▶ _EXERCISE DIRECTIONS_:
Reproduce all the lines below exactly and omit the images.

▶ _MATERIAL PROVIDED_:
────────────────

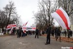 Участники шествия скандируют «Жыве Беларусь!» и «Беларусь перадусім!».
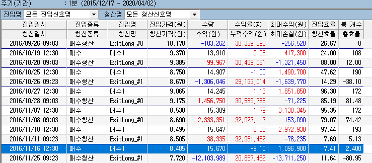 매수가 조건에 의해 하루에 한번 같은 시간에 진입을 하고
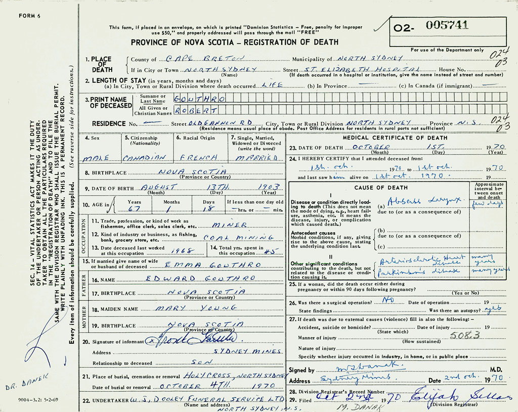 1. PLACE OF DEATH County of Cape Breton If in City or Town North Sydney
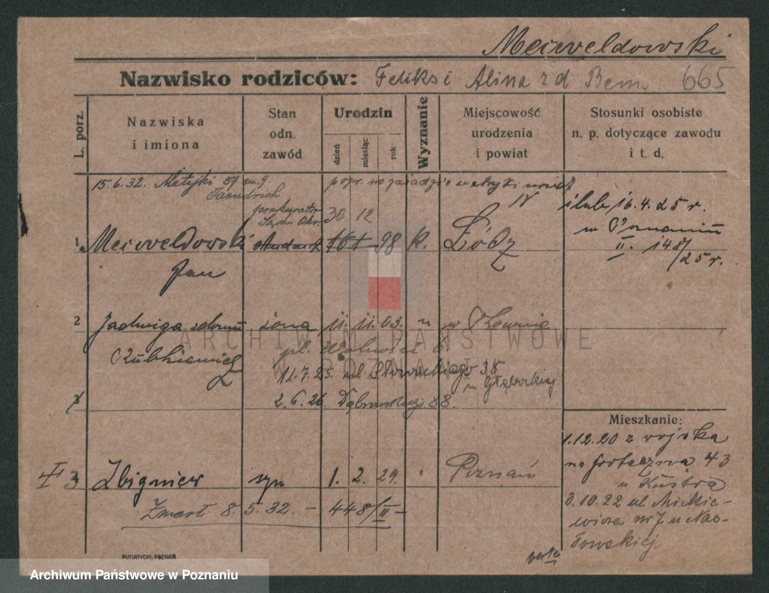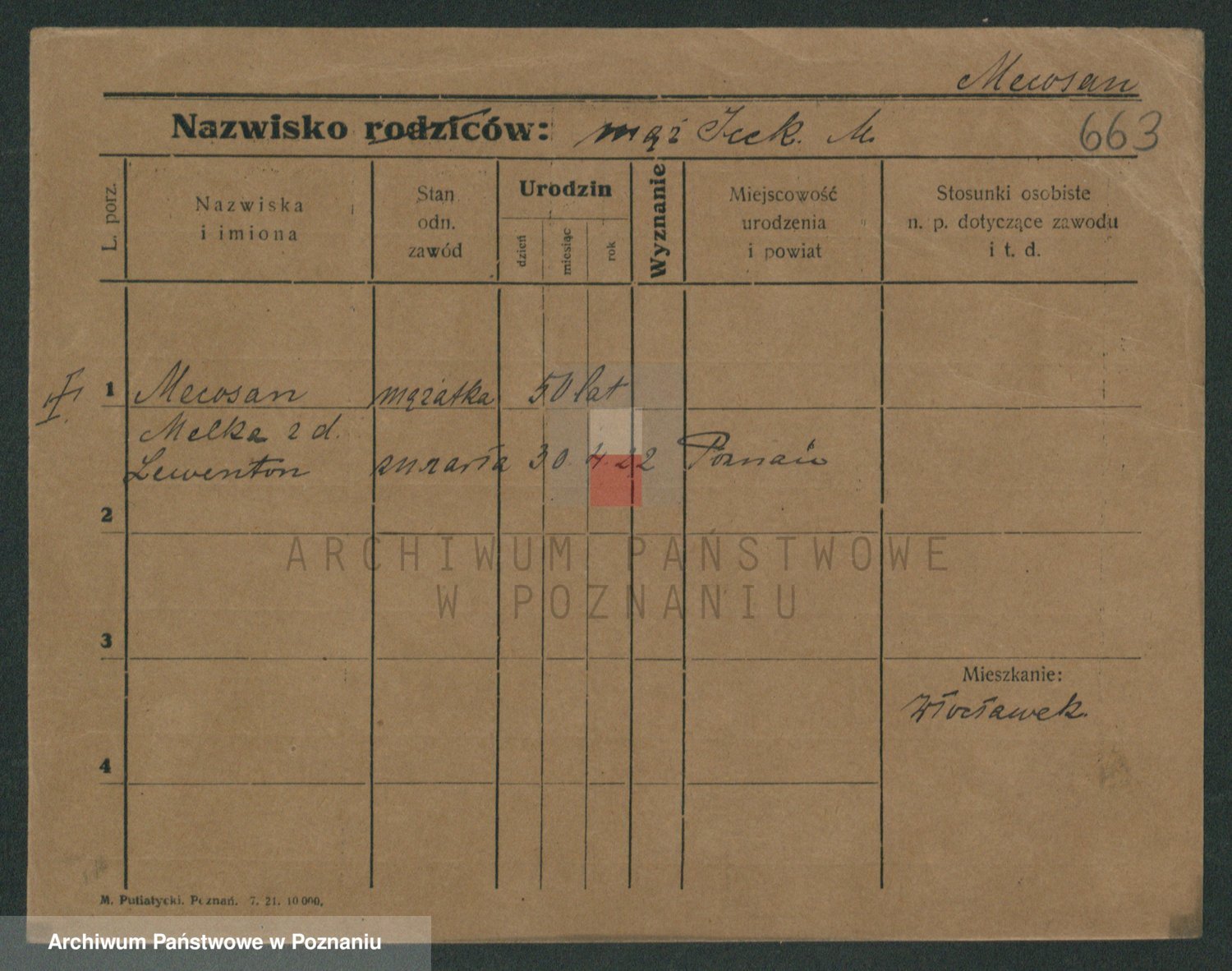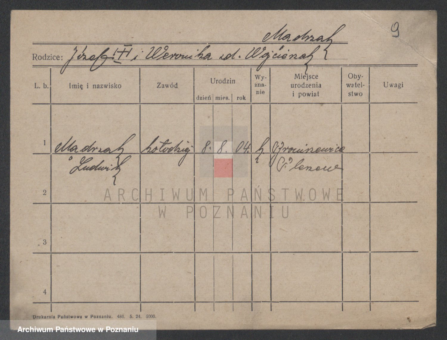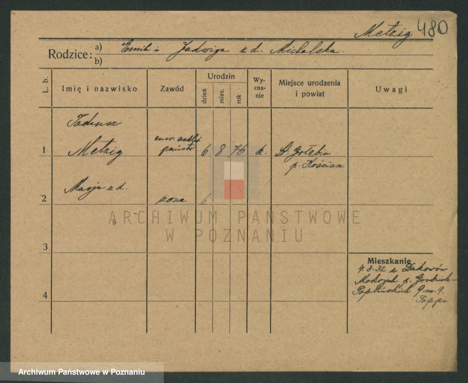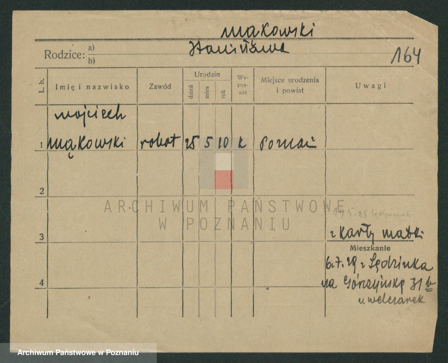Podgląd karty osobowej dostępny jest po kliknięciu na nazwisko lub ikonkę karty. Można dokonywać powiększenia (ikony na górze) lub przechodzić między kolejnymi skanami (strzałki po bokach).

────────────────

▶ _RESULT OF THE TASK_:
 Участники шествия скандируют «Жыве Беларусь!» и «Беларусь перадусім!».
 매수가 조건에 의해 하루에 한번 같은 시간에 진입을 하고
 1. PLACE OF DEATH County of Cape Breton If in City or Town North Sydney
Podgląd karty osobowej dostępny jest po kliknięciu na nazwisko lub ikonkę karty. Można dokonywać powiększenia (ikony na górze) lub przechodzić między kolejnymi skanami (strzałki po bokach).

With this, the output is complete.